10 Kepler’s Laws: Combined Statement
Let \(\gamma \) be a non-collision solution with \(H {\lt} 0\) and \(L \neq 0\). Then:
First law. The orbit lies in the plane \(\Pi \) perpendicular to \(L\) and is an ellipse with the origin at one focus. Its eccentricity is \(e = \| A\| /(m\mu ) {\lt} 1\), its semi-major axis is \(a = -\mu /(2H)\), and its semi-latus rectum is \(\ell = \| L\| ^2/(m\mu )\).
Second law. The areal velocity \(d\mathcal{A}/dt = \| L\| /(2m)\) is constant, so equal areas are swept in equal times.
Third law. Every configuration period \(T\) satisfies \(T^2 = (4\pi ^2 m/\mu )\, a^3\).

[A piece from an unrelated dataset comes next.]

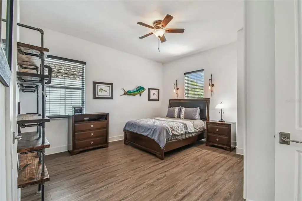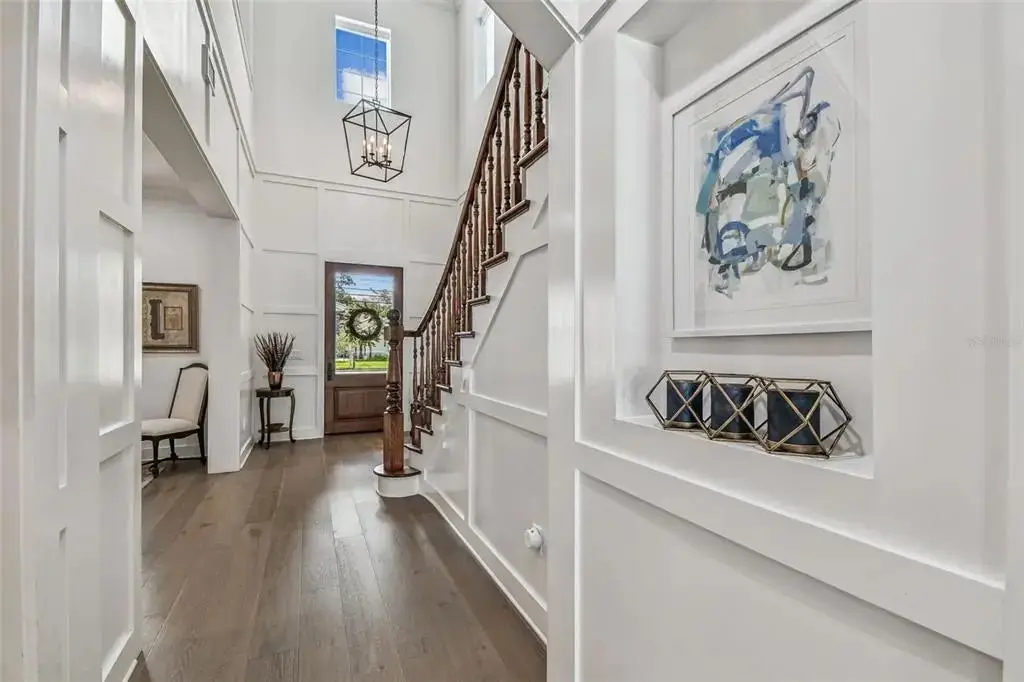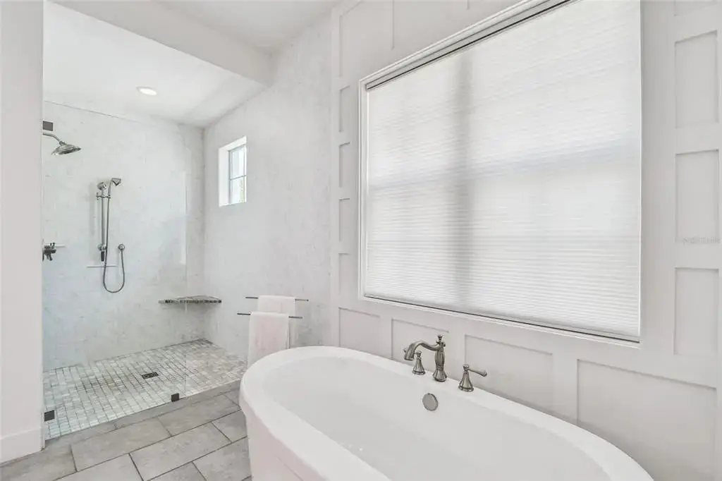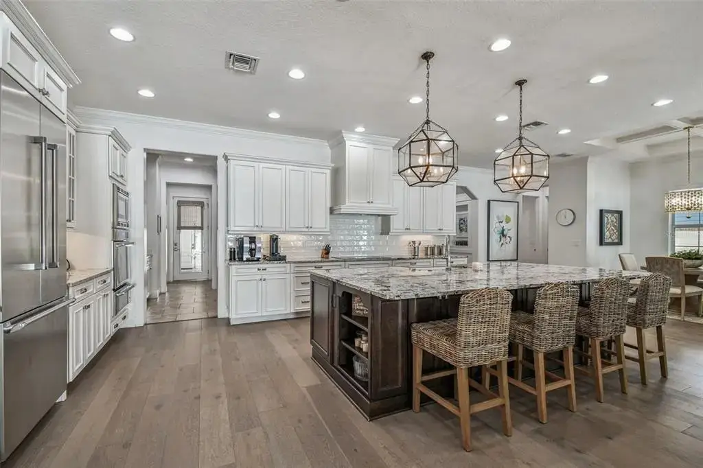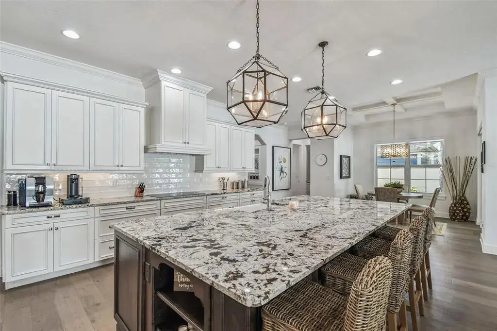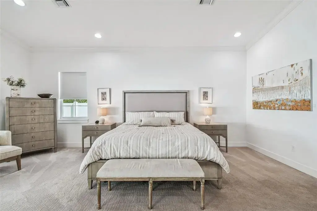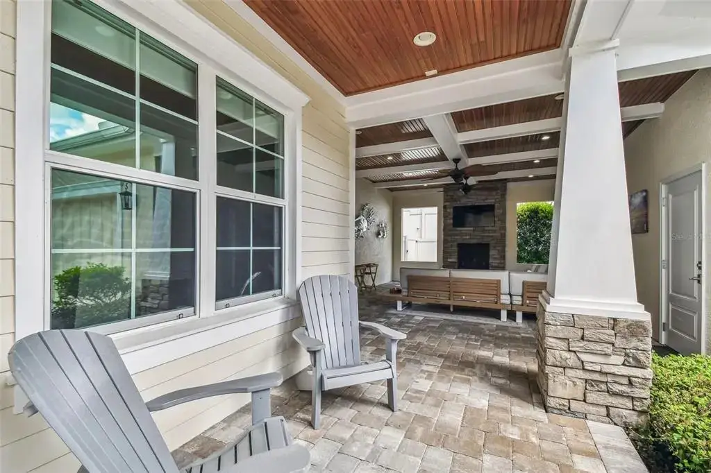 Welcome to this stunning Craftsman-style estate in the highly sought-after Golfview neighborhood of South Tampa. This meticulously designed five bed, four bath home offers over 4,200 square feet of heated living space and more than 1,100 square feet of covered outdoor areas. Built in 2016 on a 75x100 lot in Flood Zone X, the home features a split three-car garage with ample guest parking. From the moment you arrive, the home makes a grand impression with its covered front porch, wooden staircase, paneled walls, and abundant natural light. Inside, you'll find hurricane-impact sliding glass doors and windows, rich crown molding, coffered ceilings, and custom light fixtures throughout. The formal dining room sets a refined tone, while the dry bar and arched entryway lead you into the heart of the home: an open-concept kitchen, breakfast nook, and great room designed for both everyday living and entertaining. The oversized island is the centerpiece of the space, and customized with Thermador appliances, a walk-in pantry, built-in butler’s pantry/wet bar, and a large mudroom/laundry room with sink and ample storage. The private first-floor primary suite is a serene retreat with vaulted ceilings, paneled walls, and direct access to the pool and lanai. Its spa-like bath includes a walk-in glass shower with dual shower heads, a freestanding soaking tub, dual vanities with storage, and a spacious walk-in closet. A second first-floor bedroom and full bathroom offers flexibility as a guest room or dedicated office. Upstairs, you'll find three generously sized bedrooms—each with walk-in closets and custom lighting—two full bathrooms, and a versatile loft area perfect for play, study, or relaxation. Attic access is available through the mechanical room for additional storage. Step outside to discover the ultimate outdoor lounge—virtually hidden from the rest of the house and other outdoor living spaces. Complete with a cozy gas fireplace, large built-in TV, stained wood ceilings, and ceiling fans, it’s the perfect setting for gameday gatherings or relaxing movie nights. The expansive backyard lanai features travertine decking, a gas feed and vent ready for your dream outdoor kitchen, and a 392-square-foot in-ground concrete pool (installed in 2017) surrounded by vinyl fencing and a grassy play area. Open space behind the property offers tranquil views of the ever-changing sky, adding to the sense of privacy and serenity. Located just minutes from top-rated restaurants, shopping, Palma Ceia Golf and Country Club, and only half a mile from Plant High School this home is a rare blend of craftsmanship, comfort, and coastal charm. Schedule your private showing today and experience the lifestyle you’ve been dreaming of.

For the same solution, the map \(u \mapsto L_u\) is an \(\mathfrak {so}(3)\)-comoment (Theorem 17), and on the shell \(H = h {\lt} 0\) the map \((u, v) \mapsto L_u + K_v\) is an \(\mathfrak {so}(4)\)-comoment (Theorem 21). Combining these statements with Theorem 36 gives the full comoment-map proof of Kepler’s laws.